Réédition augmentée octobre 2021.

En mai 1946, après neuf années d’internement, Antonin Artaud revient à Paris. Le poète retrouve ses amis et en particulier le galeriste Pierre Loeb qui prépare une exposition de ses dessins. Une relation chargée d’ambiguïté nait de la rencontre d’Artaud et de Florence, fille de Pierre Loeb, alors âgée de seize ans. 

À travers Artaud-Passion, Florence, au crépuscule de sa vie, évoque ses souvenirs avec émotion. Évadé du néant, Artaud, mort en 1948, assiste au récit de Florence sans que cette dernière ait conscience de sa présence. Peu à peu le poète, qui déclame ses textes en contrepoint de la narration de Florence, va imposer sa présence et dénoncer le mensonge d’une idéalisation qui lui est insupportable. Florence demeure enfermée dans ses souvenirs au point de s’identifier au poète et d’en devenir le porte parole. Librement inspirée des rapports de Florence Loeb et d’Antonin Artaud cette pièce de théâtre est un saisissant hommage au « Théâtre de la cruauté ». 

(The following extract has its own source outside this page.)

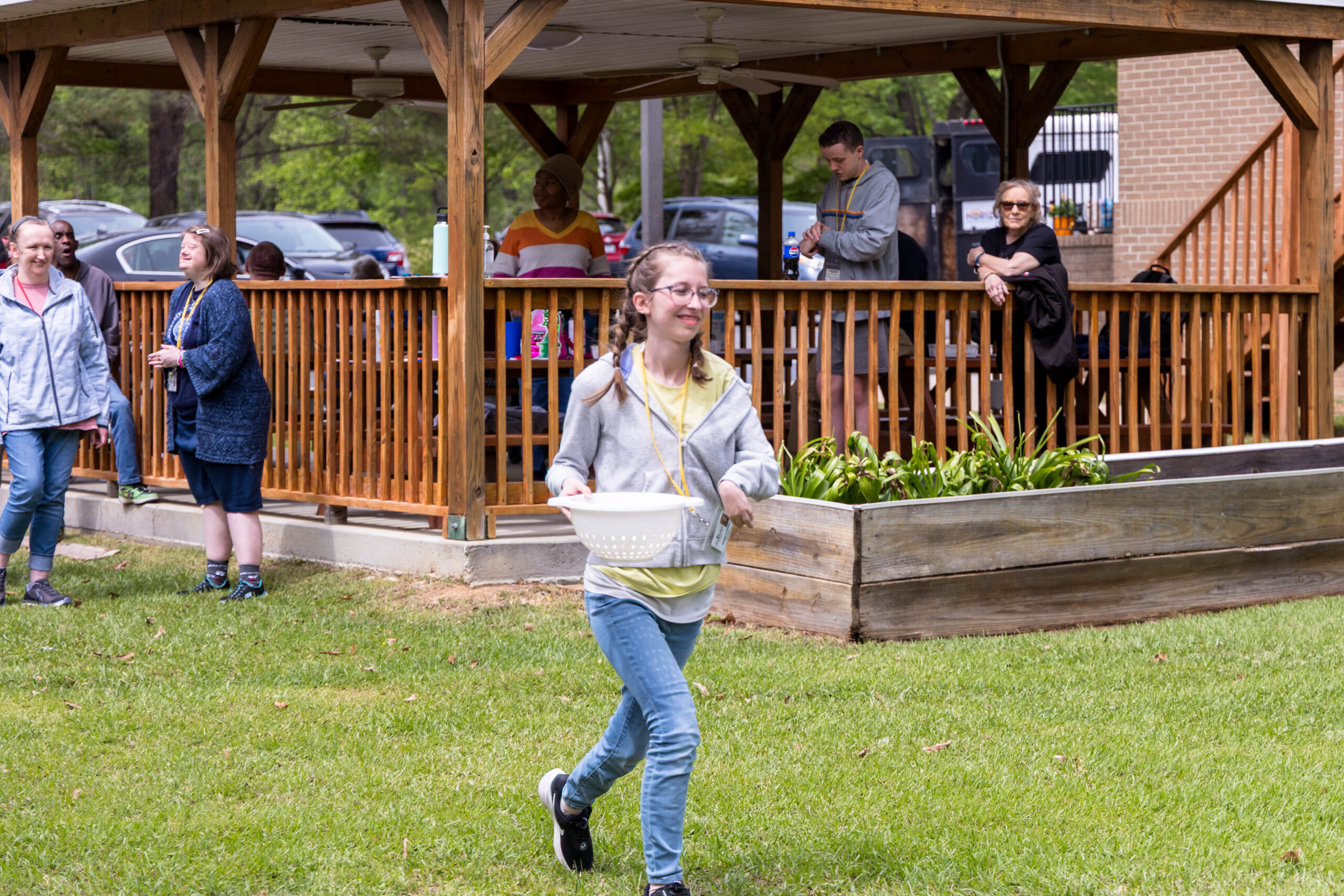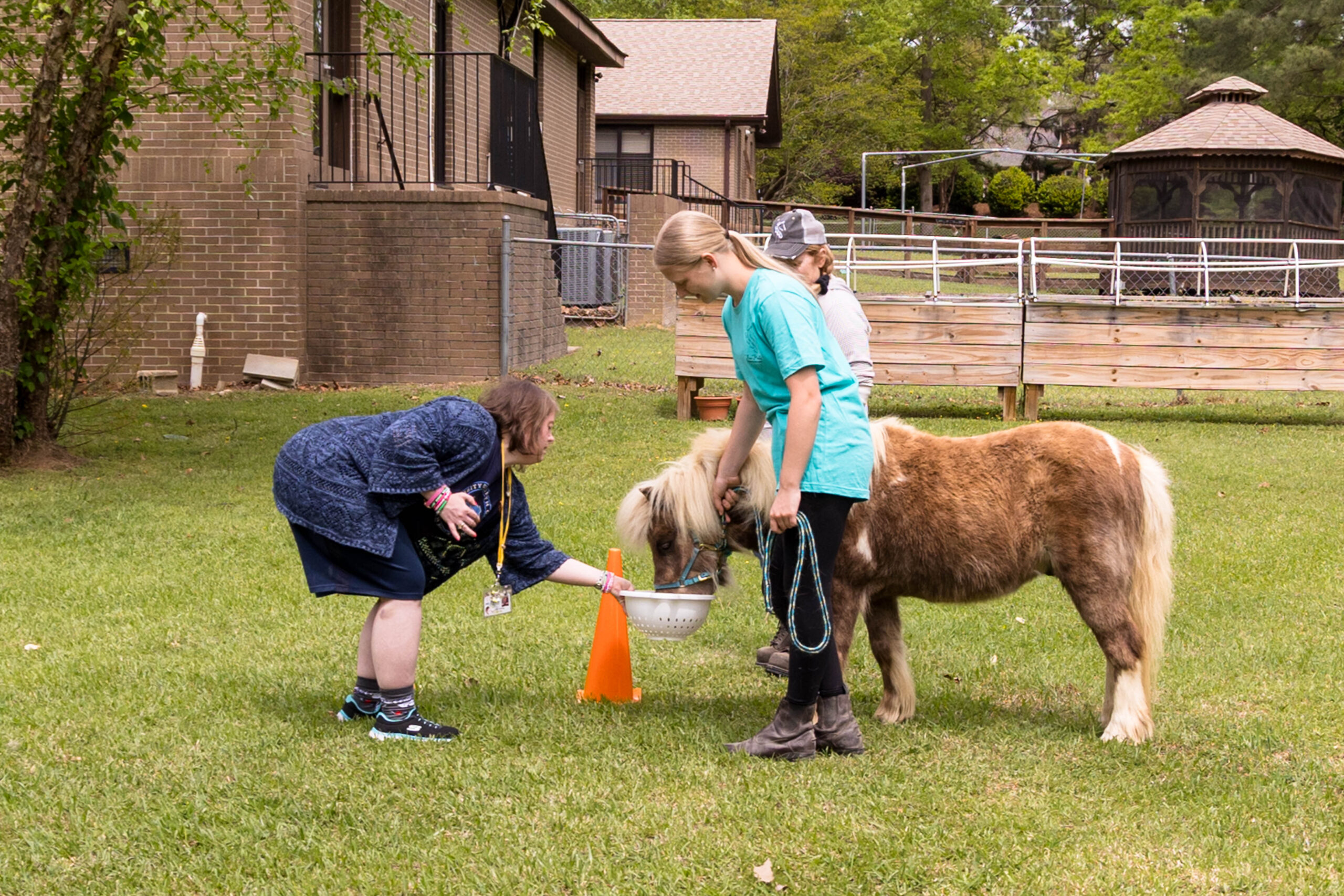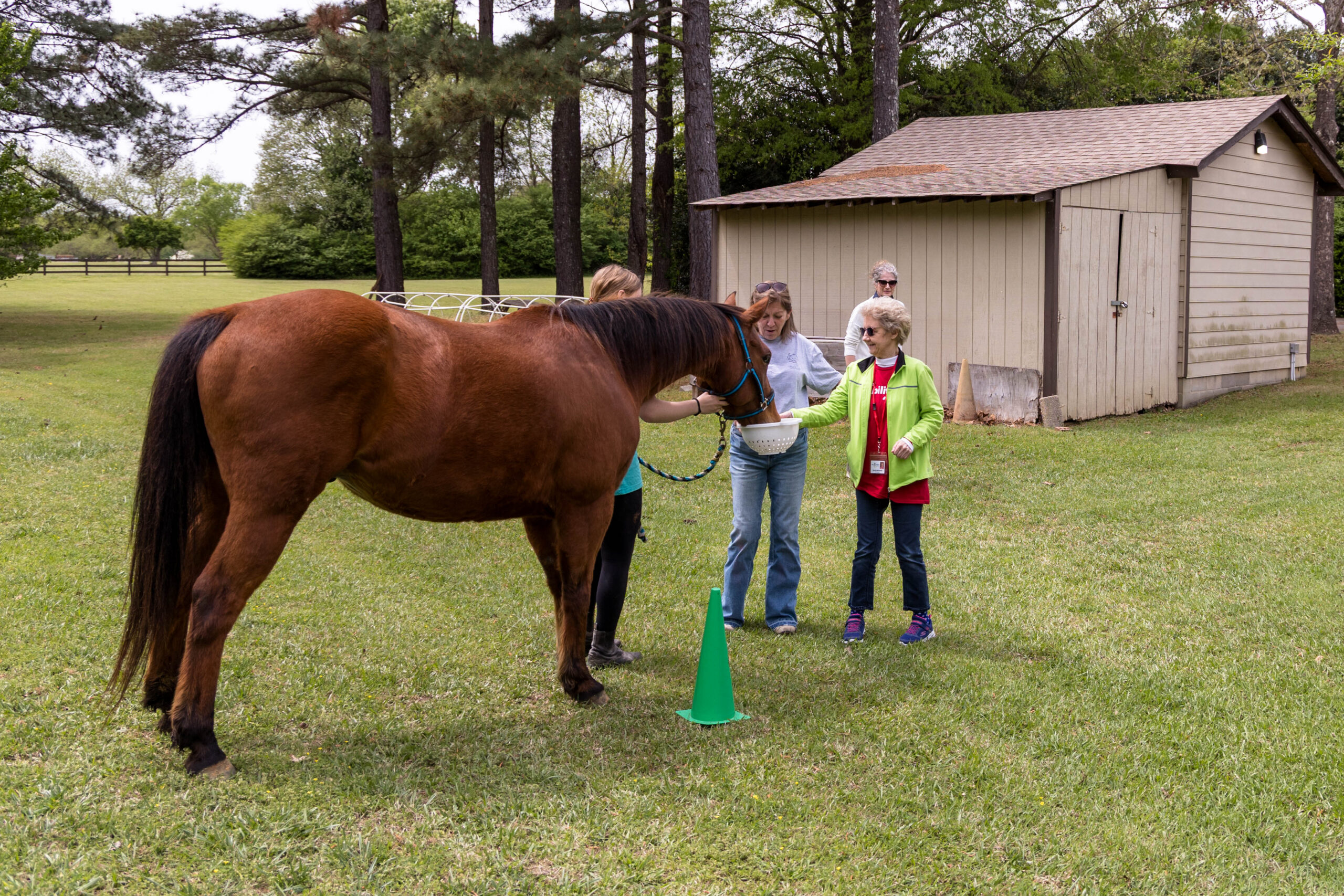 Participants were divided into two teams for a relay race to feed the horses. Given white colanders with a single clump of horse treat, the individual walked or ran a few yards to Bourbon on one side and to Ferdinand on the other side. When they returned, the container was passed to the next person in line.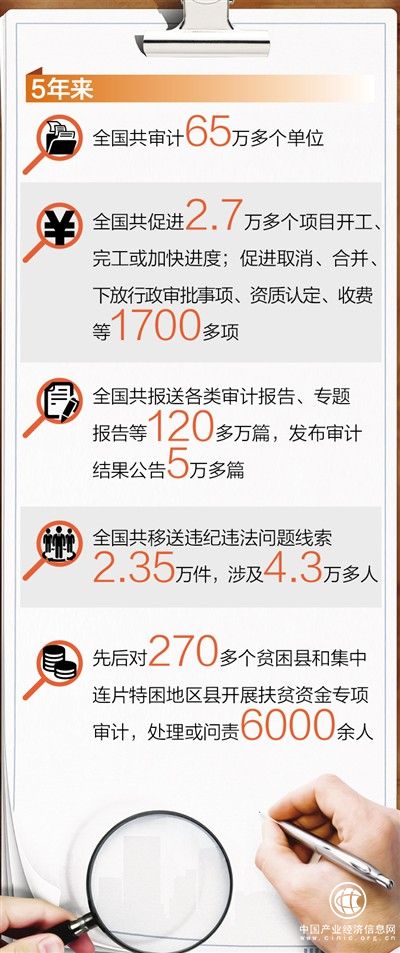 据了解,5年来,全国共审计65万多个单位,促进增收节支和挽回损失2.5万亿元,推动健全完善制度2.38万项,移送违纪违法问题线索2.35万件。具体来说:

Artaud-Passion, créé en 2006 au Festival Off d’Avignon 2016 dans une mise en scène d’Agnès Bourgeois, a été repris dans une mise en scène d’Ewa Kraska au Festival Off d’Avignon en 2019. Le présent ouvrage est illustré de photos rares d’Artaud et des répétitions. 

Patrice Trigano a fait des études de philosophie et de droit avant de consacrer sa vie à l’art. Il est galeriste à Paris. Il a déjà publié aux Éditions Léo Scheer, La Canne de saint Patrick (2010, Prix Drouot) et ?Le miroir à sons (2011) ; aux Éditions de La Différence, Une vie pour l’art (2006), À l’ombre des flammes, Dialogues sur la révolte (avec Alain Jouffroy, 2009), Rendez-vous à Zanzibar (correspondance avec Fernando Arrabal, 2010), L’Oreille de Lacan (2015) ; au Mercure de France, Ubu Roi, Merdre (2018) et chez Maurice Nadeau, L’Amour égorgé (2020).